На внутреннем фронте. Всевеликое войско Донское (сборник)
Шрифт:
Опять тот же адъютант с громкой еврейской фамилией меня встретил.
– Главкосев занят в совете, – сказал он на мою просьбу доложить обо мне, – и я не могу его беспокоить.
– Я все-таки настаиваю, чтобы вы доложили. Дело не может быть отложено до утра.
Адъютант с видимой неохотой открыл дверь, из-за которой я слышал чей-то мерный голос. В открытую дверь я увидал длинный стол, накрытый зеленым сукном, и за ним человек двадцать солдат и рабочих. В голове стола сидел Черемисов. Он с неудовольствием выслушал адъютанта и что-то сказал ему.
– Хорошо, – сказал, возвращаясь адъютант, – главкосев вас примет, но только на одну минуту.
Меня провели в кабинет главнокомандующего. Минут через десять дверь медленно отворилась, и в кабинет вошел Черемисов. Лицо у него было серое от утомления. Глаза смотрели тускло и избегали глядеть на меня. Он зевал не то нервною зевотою, не то искусственною, чтобы показать мне, насколько все то, о чем я говорю ему, – пустяки.
– Временное правительство в опасности, – говорил я, – а мы присягали Временному правительству, и наш долг…
Черемисов посмотрел на меня.
– Временного правительства нет, – устало, но настойчиво, как будто убеждая меня, сказал он.
– Как нет? – воскликнул я.
Черемисов молчал. Наконец, тихо и устало сказал:
– Я вам приказываю выгружать ваши эшелоны и оставаться в Острове. Этого вам достаточно. Все равно, вы ничего не можете сделать.
– Дайте мне письменное приказание, – сказал я. Черемисов с сожалением посмотрел на меня, пожал плечами и, подавая мне руку, сказал:
– Я вам искренно советую оставаться в Острове и ничего не делать. Поверьте, так будет лучше.
И он пошел опять туда – в «совет».
Я вышел на улицу. У автомобиля меня ожидал Попов. Я рассказал ему результат свидания.
– Знаете, – сказал мне Попов. – Это дело политическое. Пойдемте к комиссару. Войтинский все это время был порядочным человеком. Его долг нам подать совет. Да без комиссара мы и части не повернем. Вон уже 9-й полк волнуется от того, что сидит сутки в вагонах.
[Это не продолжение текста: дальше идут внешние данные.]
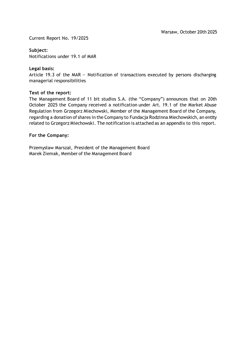The notice announces a postponement of the release date for 11 bit studios S.A.’s semi‑annual report covering the first half of 2024. The company, headquartered in Warsaw, originally scheduled publication for August 22, 2024, as stated in its current affairs report No. 1/2024 dated January 31, 2024. The new publication date is set for August 27, 2024. No other periodic reports will experience a change in their scheduled release dates. The communication is issued under Article 56(1)(2) of the Polish Act on Offer, which governs current and periodic information disclosures. The notice is signed by Przemysław Marszał, Chairman of the Board, and Grzegorz Miechowski, a board member. The announcement serves to inform shareholders, regulators, and the public of the adjusted timeline for accessing the company’s financial performance data for the first half of 2024.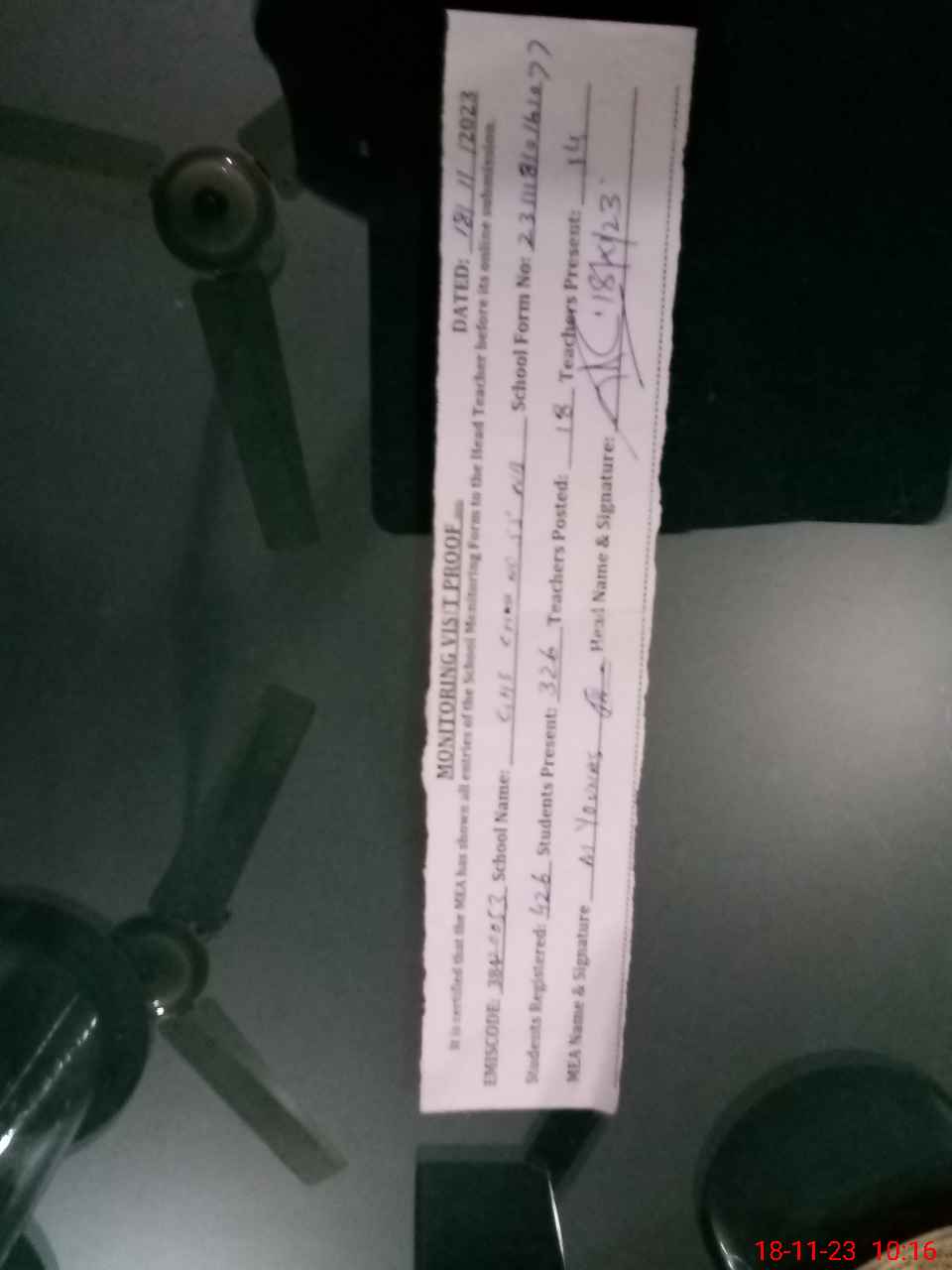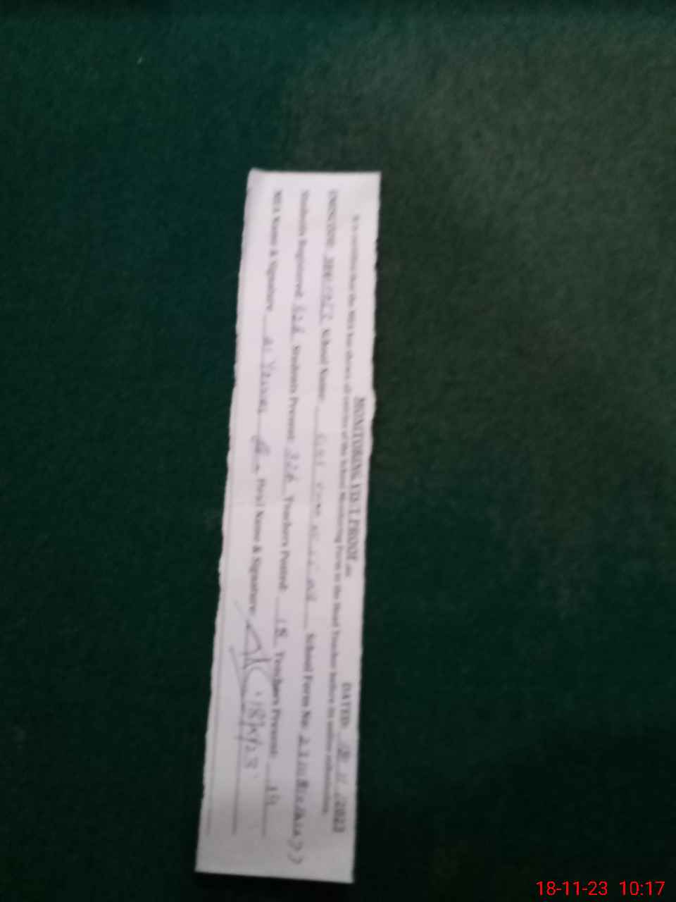 | Monitoring Date: 18-11-2023 | Start Time: 18-11-2023 09:47 AM | End Time: 18-11-2023 10:38 AM | Name of MEA: MU**** YO**** | |

Я согласился, и мы поехали в комиссариат.
Войтинского, который и жил в комиссариате, не было там. По словам дежурного «товарища», он ушел куда-то на заседание, но должен скоро вернуться.
Мы сели в комнате «товарища» и ждали. Уныло тикали стенные часы, и медленно ползла осенняя ночь. Било три, било половина четвертого. Наконец, около четырех часов Войтинский приехал.
Он обрадовался, увидевши нас. Все лицо его, некрасивое, усталое, просияло.
– Вы как нельзя более кстати, – сказал он и начал расспрашивать про обстановку, про настроение частей.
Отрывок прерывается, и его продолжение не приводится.